As an example, on the clinical development side, you've seen the investment we have made, but there's a reason. It's to make a better product. How do we recruit faster? How do we pick the right patients? In our chemistry and design platform, we're continuously evolving and iterating on our models, and we'll share more in due time. Then in our biology platform, you've seen the investments we're making in state-of-the-art transcriptomics models. That's. Again, they're all with a purpose. How do we improve the target that we're putting into our programs, the compounds that are high quality, and ensuring that we execute our programs with flawless execution clinically, but then also pick the right patients so we increase our signal to noise? Maybe I'll take one more question, because I want to take as many.

I know we're a little bit over time. From Gail and Sean on partnership strategy. Any expected guidance for a potential clinical opt-in from partners? Will we receive an update on this? Actually, Ben, do you wanna share on that one?

Ben Taylor
CFO, Recursion Pharmaceuticals

Sure. Happy to. As we continue to advance the programs along with Sanofi and begin to move different programs from Roche into the design phase, we absolutely expect to see some of those 5 programs that have hit their early discovery milestones move into the opt-in, and we're working very closely with Sanofi to make that happen as quickly as possible. I think there's also a broader point that's really important around the partnerships. If you take a step back, we get a lot of questions on what's our partnership strategy, where do we plan to go in the future. If you take a step back to what we do, part of our mandate is how do you create a risk-diversified model for being able to be an investor in the biotech space?
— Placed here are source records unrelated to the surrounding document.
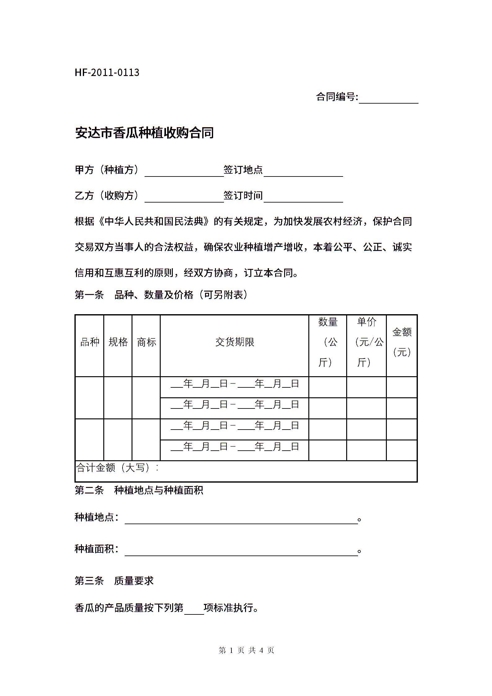 安达市香瓜种植收购合同.docx
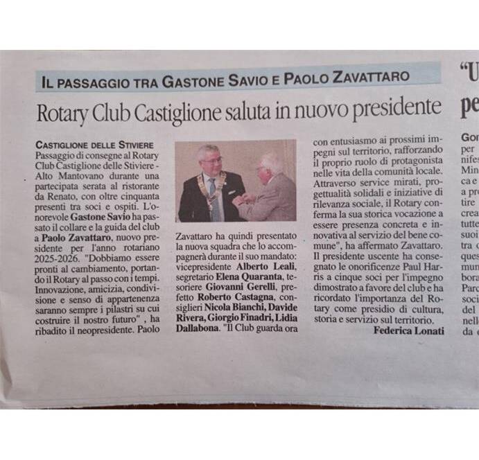 Uncategorized18 Novembre 2024Passaggio di consegne al Rotary Club Castiglione delle Stiviere: Paolo Zavattaro nuovo presidente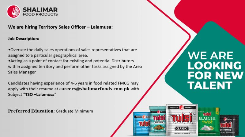 Candidates having experience of 4-6 years in food related FMCG may apply with their resume at 𝐜𝐚𝐫𝐞𝐞𝐫𝐬@𝐬𝐡𝐚𝐥𝐢𝐦𝐚𝐫𝐟𝐨𝐨𝐝𝐬.𝐜𝐨𝐦.𝐩𝐤 with Subject “TSO –Lalamusa”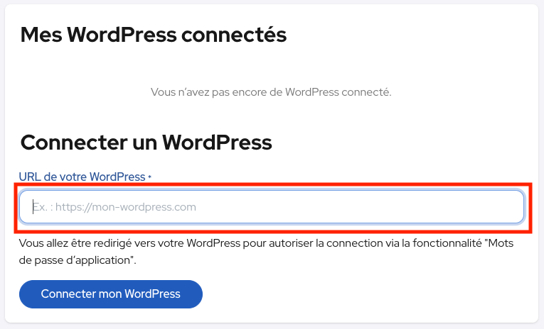 Puis, cliquez sur le bouton "Connecter mon WordPress. Ensuite, vous serez redirigé vers votre compte WordPress pour valider l'association en rentrant vos codes d'accès WordPress.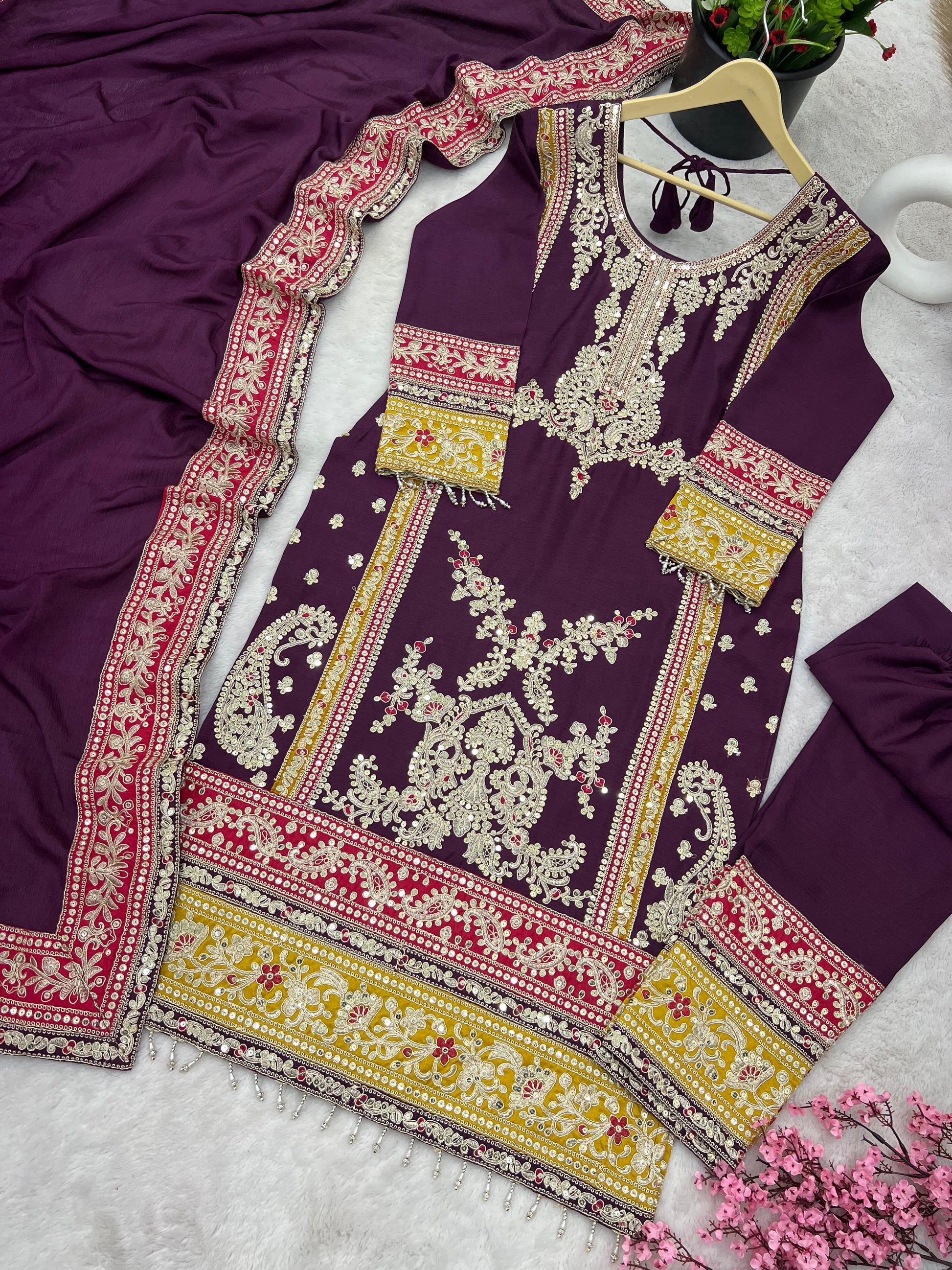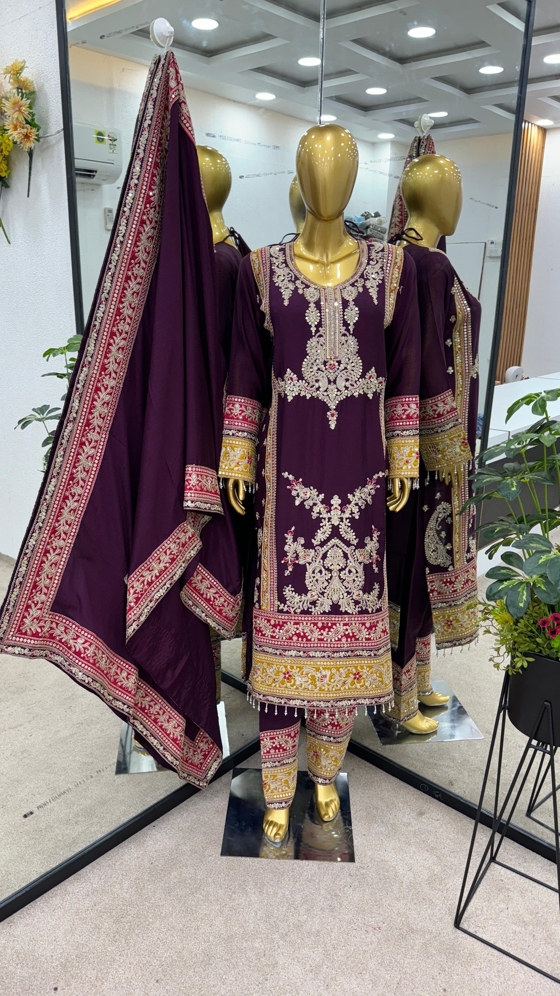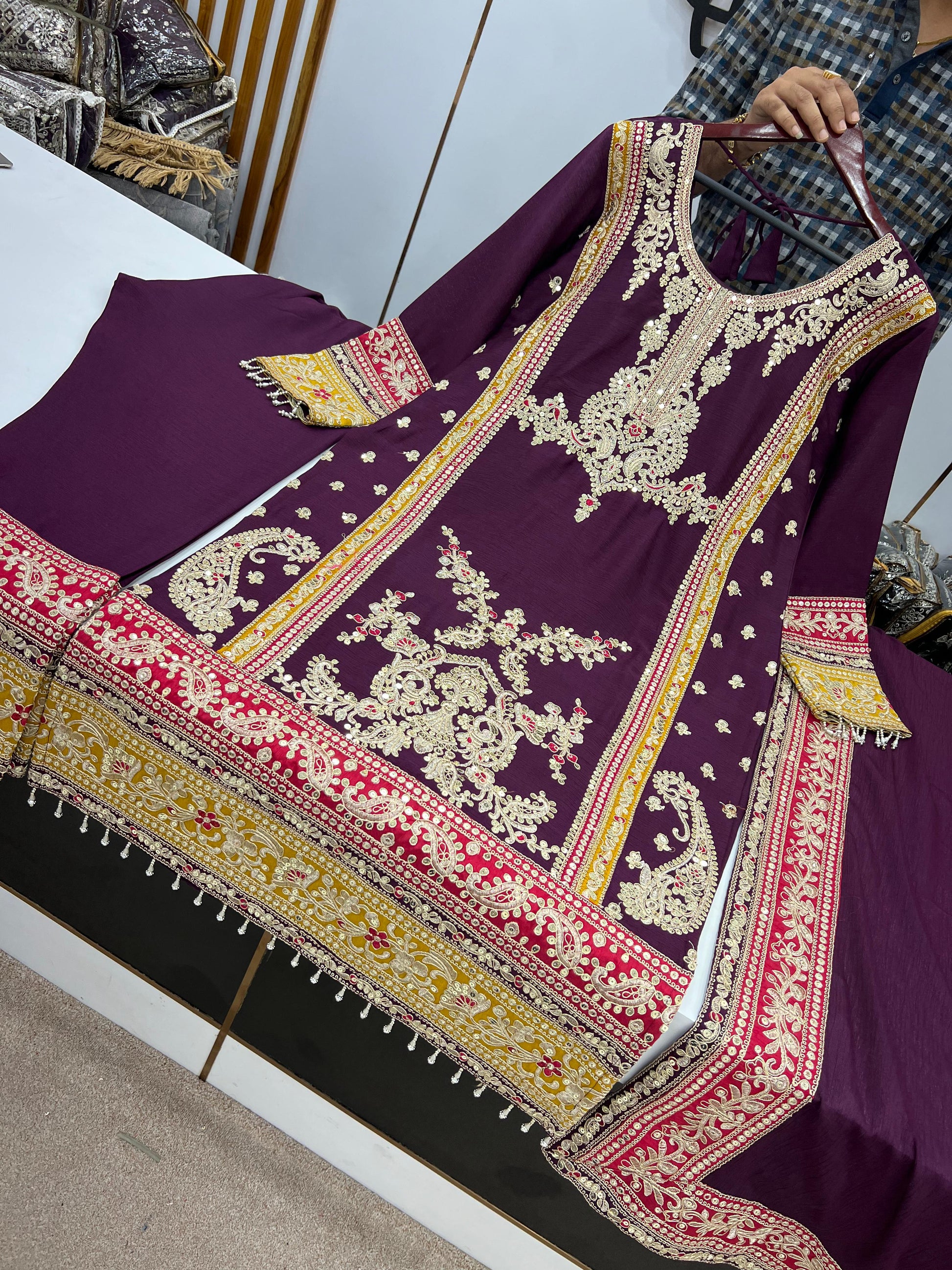 Wine Salwar Suit With Beautiful Sequence Embroidery Work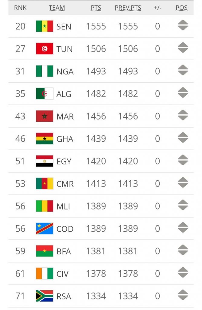 Senegal since their emergence as Champions of Africa after winning the 2019 African Cup of Nations, retains its twentieth place with 1555 points. The Lions are ahead of Tunisia (second with 1,506 points) and Nigeria (third with 1,493). Aliou Cisse’s men have not lost their first place in Africa since November 2018.

We obviously have transformative potential medicines that are coming up through our internal pipeline, but you also have to look at our partnership business and see how we've been able to advance programs and do it in a capital-efficient way and really diversify that risk and diversify what the long-term benefits of that are. We will absolutely continue to drive that partnership forward along with our internal pipeline, and we'll balance out how we're getting the upfront payments while also still maintaining a lot of that downstream economics.

Najat Khan
CEO and President, Recursion Pharmaceuticals

Suffice to say, Gail and Sean, we're working actively on this, and of course, we'll share updates in the next 12 months. Last question. You've generated over $500 million in partner-related payments to date. How should we think about the forward trajectory of platform monetization, particularly the balance between near-term milestones and retaining long-term economics and wholly-owned programs? I think it's very similar to what Ben said. You know, our platform is focused on generating better products. That's what we focus on, whether we do it internally or with partners. You know, we create optionality in terms of our wholly-owned programs. Some of the programs, you know, again, we're data-driven in our approaches in terms of could be wholly owned, could be partnered, could be out-licensed, and same goes for some of our partnered program as well.

You know, with that, I'll just close by saying thank you so much for your time and attention. Thank you for all of the questions. We have a lot of momentum, a lot of important work ahead, and we continue to move that forward and excited to share more updates in the coming months and years as well. Thank you again.